From 1981 through 1984 I worked at the Smithsonian Astrophysical Observatory (the Smithsonian's half of the Harvard-Smithsonian Center for Astrophysics), doing scientific programming for a group in the Optical and Infrared Astronomy Division that was studying our atmosphere's ozone layer. We gathered our data using a balloon-borne far-infrared Fourier transform spectrometer, and I wrote or rewrote all the programs that we used for analyzing the data.
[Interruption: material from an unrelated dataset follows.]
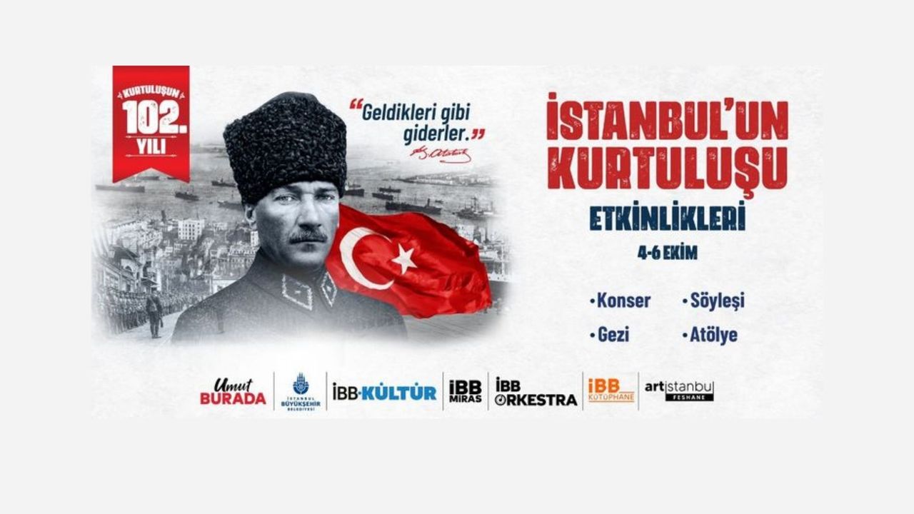 İstanbul Büyükşehir Belediyesi (İBB), İstanbul’un düşman işgalinden kurtuluşunun 102. yılını, her yıl olduğu gibi bu yıl da büyük bir coşkuyla kutlamaya hazırlanıyor. 4-6 Ekim tarihleri arasında gerçekleştirilecek çeşitli etkinliklerle İstanbullular, şehrin kurtuluşunu atölyeler, konserler, geziler ve söyleşilerle anacak.

Later, from 1991 to 1993, I was back at the SAO part-time, in the Atomic and Molecular Physics Division, working on software for analyzing data from the Global Ozone Monitoring Experiment (GOME) on the European Space Agency's ERS-2 satellite. (The careful reader will note the strange fate that led me to spend years working at a “Center for Astrophysics” on projects that had nothing to do with astronomy.)

Systems programming

From 1985 through 1987 I constituted the entire systems programming and systems management staff at Brandeis University's computer center. I used to know quite a lot about the VAX/VMS operating system from the Digital Equipment Corporation (now part of Hewlett-Packard), most of which I learned in this job and during my earlier years at the SAO. My principal achievement in this position was the creation of the Bialik Poetry Server, which distributed poetry over the Bitnet (still a hot thing at the time). It ran from 1986 through 1995, at which time new management decided not to bother with it. (If you are seeking a similar service today, try Poetry Daily or the Poem of the Day from Carcanet Press.)

Women Writers Project

From 1995 through 1997 I worked part-time at the Women Writers Project at Brown University. Among other things, I participated in the WWP's project to create an electronic library on the World Wide Web of texts in English by women of the Renaissance, work funded by a grant from the Andrew W. Mellon Foundation.

Electronic publishing

From 1995 through 1998 I worked in electronic-publishing consulting with Texterity Inc., which specialized at the time in SGML-based editorial and production systems.